In the 5v5 playoffs, the 12 teams competed in a single-elimination tournament comprising best-of-three series, split by conference, until the best-of-five NBA 2K League 5v5 Finals. In 3v3, the playoffs featured 14 teams, with the 12 NBA 2K League teams joined by two amateur teams (having qualified for the seasonal tournaments through amateur play-ins and qualifying for the 3v3 playoffs by performance in the 3v3 tournaments). The 3v3 playoffs featured a double-elimination format and best-of-five series until the best-of-seven NBA 2K League 3v3 Finals.
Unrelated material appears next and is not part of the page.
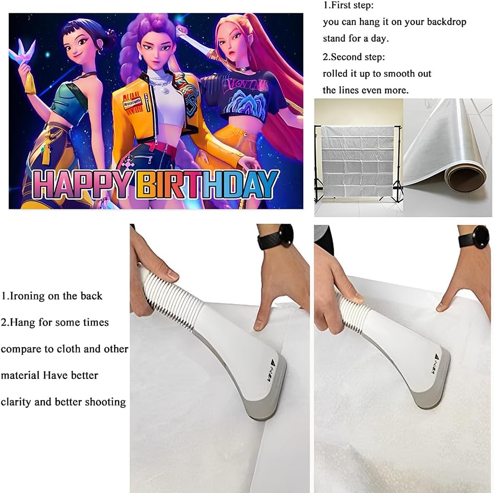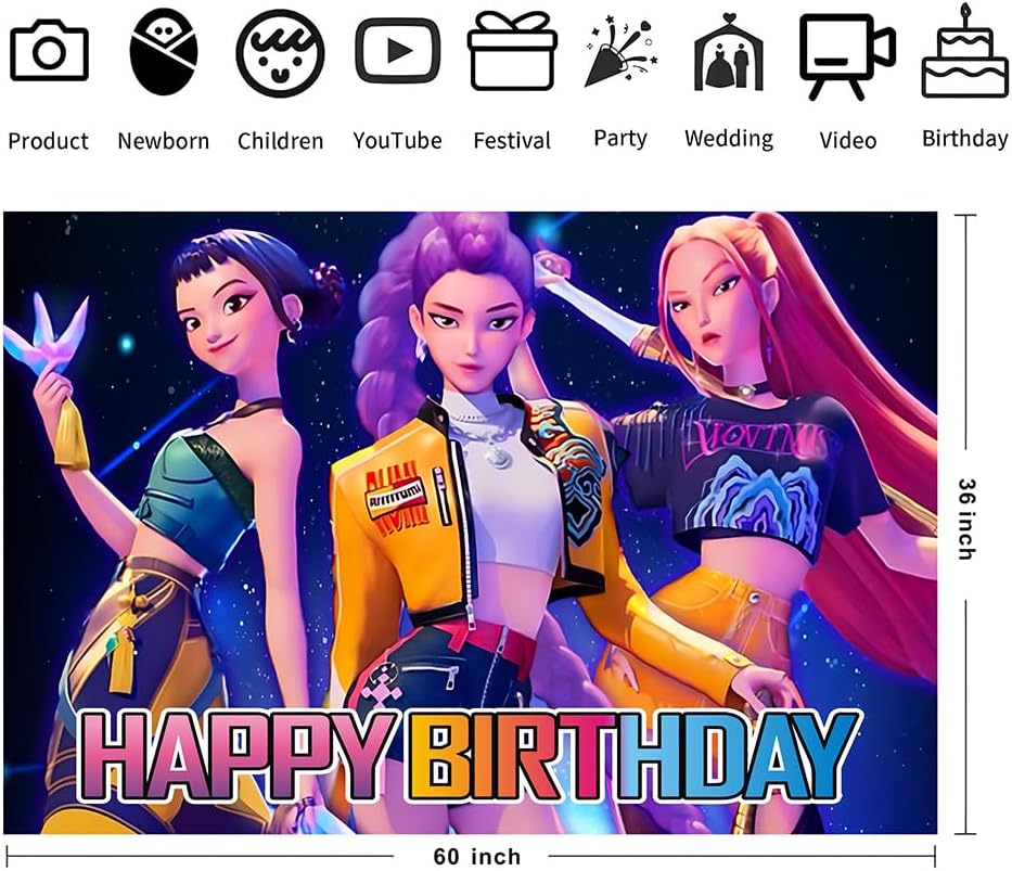 Crea el escenario perfecto para tus fotos o decoración de fiesta con este backdrop inspirado en K-Pop Demon Hunters. Ideal para fans, reuniones temáticas o sesiones de fotos épicas.

Since 2020, the league utilized a hybrid remote/in-person model, with teams playing some games from their home market and some games in a central location. From 2018 to 2019, the league played its games in Long Island City. In 2020, the league was fully remote due to the COVID-19 pandemic. In 2021, the league conducted play remotely until the playoffs, which took place in Dallas at the Mavs Gaming facility. In 2022, in-person games were played in Indianapolis at the Pan-Am Pavilion. In 2023 and 2024, in-person games were played at District E in Washington D.C.

When the 2K League returned in 2025, it utilized a revamped format with 2 initial phases, MyPlayer Mayhem and Next Fan Up. MyPlayer Mayhem consisted of 6 teams, each one having their own influencer as captain, before the teams competed in two tournaments, the first being 2v2 and the second being 3v3. Next Fan Up was an open ladder tournament open to anybody who had a copy of NBA 2K26, with participants able to represent any NBA team, not just those that were in MyPlayer Mayhem, and climb the ranks, with a chance to earn both physical and digital prizes.
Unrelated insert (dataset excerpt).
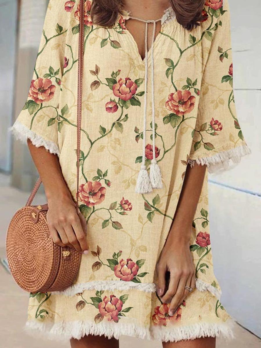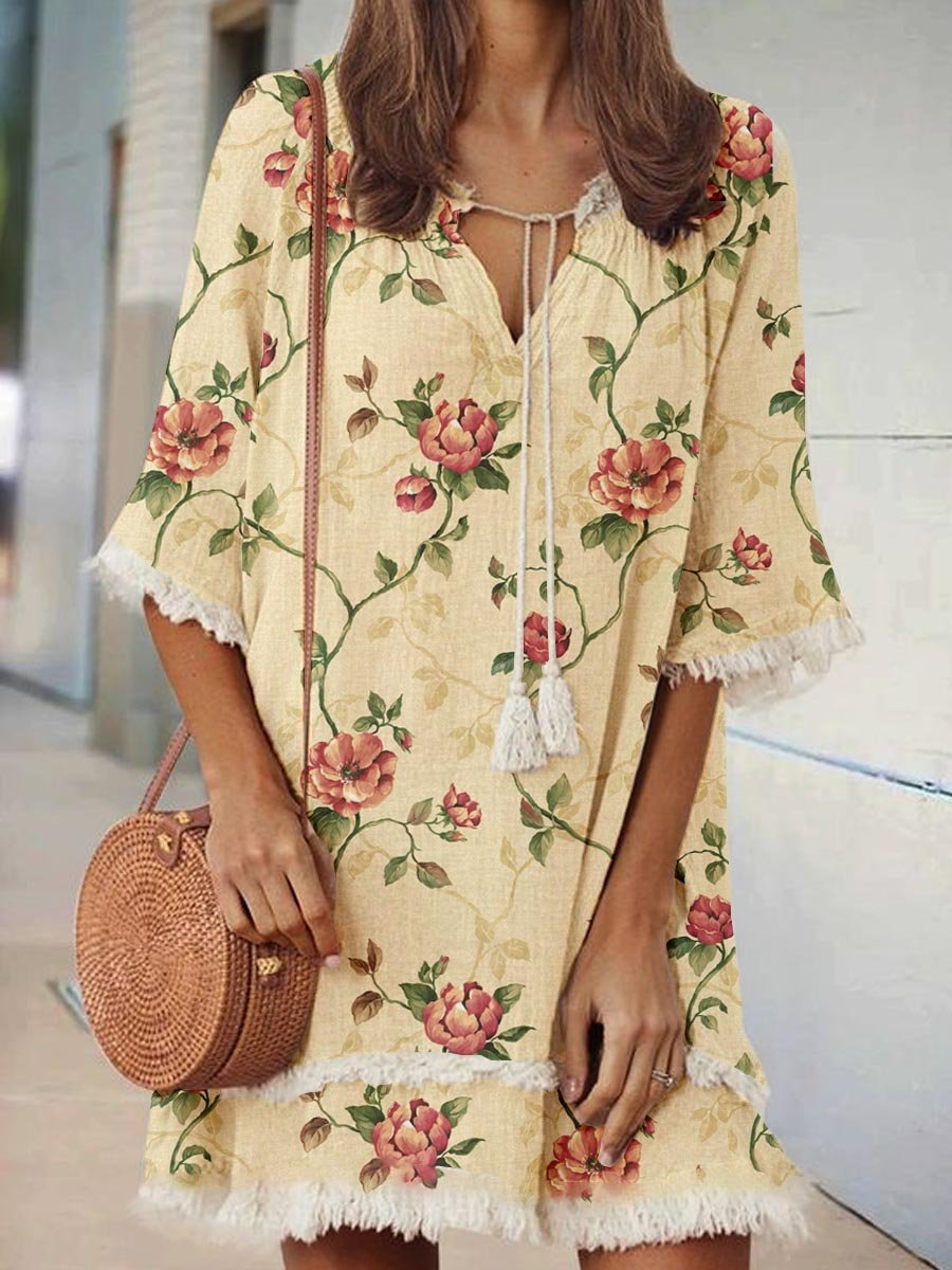 Women's Elegant Rose Floral Print V-Neck Strappy Raw Edge Cotton And Linen Dress

== Player selection, eligibility, and benefits ==
During the league's original run, players joined the league by being drafted to an NBA 2K League team or added to a team roster as part of an add/waive roster process. In order to qualify for the league draft, players were required to be over the age of 18 and must have graduated from high school (or, if the player did not graduate, the class with which the player would have graduated must have graduated). The league had historically assembled a draft pool, from which teams could select players, through qualification tournaments run by 2K League teams or competitions in the year's iteration of NBA 2K. Players in the draft pool also had the opportunity to participate in the NBA 2K League combine. Players were drafted into the league at the NBA 2K League Draft, which took place before the season.

Players signed six-month contracts and had their relocation and housing costs covered by the league and teams, as well as benefits such as medical insurance and a retirement plan. Food, transportation, and housing was also covered during the season when teams traveled for games.
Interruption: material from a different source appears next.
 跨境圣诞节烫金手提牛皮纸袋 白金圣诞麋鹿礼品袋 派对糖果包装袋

During the six-month season, players drafted in the first round made a base salary of $35,000, while players drafted in subsequent rounds made $33,000. Players retained by teams following a season in the league earned $38,000. Players could also earn money through the league's $2.5 million prize pool, which was split across all tournaments and playoffs throughout the season, as well as seasonal individual awards. Players were also allowed to sign endorsement deals to earn extra income.

==Teams==
On December 11, 2017, the official logo for the NBA 2K League was revealed, with the logos for each of the 17 teams being revealed over the course of the following days. On August 15, 2018, it was announced that the league would expand to 21 teams in 2019 with the addition of teams from Atlanta, Brooklyn, Los Angeles, and Minnesota. The league grew to 23 teams in 2020 with the additions of Charlotte and Gen.G, the first team outside of North America. The league expanded to Mexico in 2022 with the addition of Dux Gaming, who became the 24th team in the league. The league expanded to Australia in 2023 with the introduction of NBL Oz Gaming, operated by Australia's National Basketball League, as the 25th team.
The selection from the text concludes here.